ХАМАТОВА: Мне казалось, что героиня моложе и вообще — это не я. Но потом я поговорила с Гузель, и выяснилось, что она представляла меня, когда работала над романом.
ГОРДЕЕВА: У меня иногда возникает ощущение, что мою линию кто-то нарочно рисовал, чертил, чтобы она была прямой: приехав из Ростова, я почти сразу в Москве попала в «Телекомпанию ВИД». Мне повезло. Я видела своими глазами и «Взгляд», и «Тему», и «Час Пик». Мне выпало счастье, очень, правда, короткое: видеть Листьева и работать в его команде. Меня поразило, какого он высокого роста и как тихо он говорит. И еще — какая у него нетипичная для телевизионщиков, не настырная манера разговаривать с людьми.

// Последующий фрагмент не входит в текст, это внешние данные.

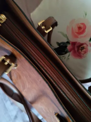 Práctica bolsa de deporte con un neceser a juego, ideal para llevar todo lo necesario. - Diseño con flores. - Correas estampadas con puntos y flores. - Detalles en ante marrón. También puede utilizarse como bolso

А главное — ему были действительно интересны собеседники, герои интервью, герои репортажей.
ХАМАТОВА: А звездой я так и не стала, потому, видимо, что, когда начинала складываться вся эта звездная институция в России, я уже уехала в Германию. И прожила там три года, приезжая только на короткие блоки спектаклей. Вероятно, я пропустила момент вхождения в звездную актерскую тусовку. Хотя, сейчас я понимаю, мир, окружающую действительность я воспринимала очень по-актерски.
ГОРДЕЕВА: Ты хочешь сказать, что восприимчивость к чужой боли, которая так отличает тебя нынешнюю от других людей, — качество, которого прежде не было?
ХАМАТОВА: Мне трудно так о себе говорить. Но одно я знаю совершенно точно: я не смотрела телевизор, не жила жизнью страны, я существовала в пространстве, надежно отгороженном шлюзами от реальной жизни с ее правдой, болью, несчастьем и радостью. Спроси ты меня тогда о больных детях, я бы не поняла вопроса. Какие больные дети? Это — не по моей части, у меня другая профессия.
И теперь, получив этот опыт, я имею сказать, что все обвинения, все проклятья, все угрозы, все оскорбления, все плевки, все камни и копья, брошенные в мою сторону во время травли, вернее, в несколько наплывов этой травли, — всё это оказалось хлипкими мыльными пузырями, облеченными в устрашающую форму праведного возмездия и благороднейшего гнева. Они оказались всего лишь одной из форм человеческой природы, а именно — проявлением причудливых форм человеческой глупости, которую можно только простить и идти дальше.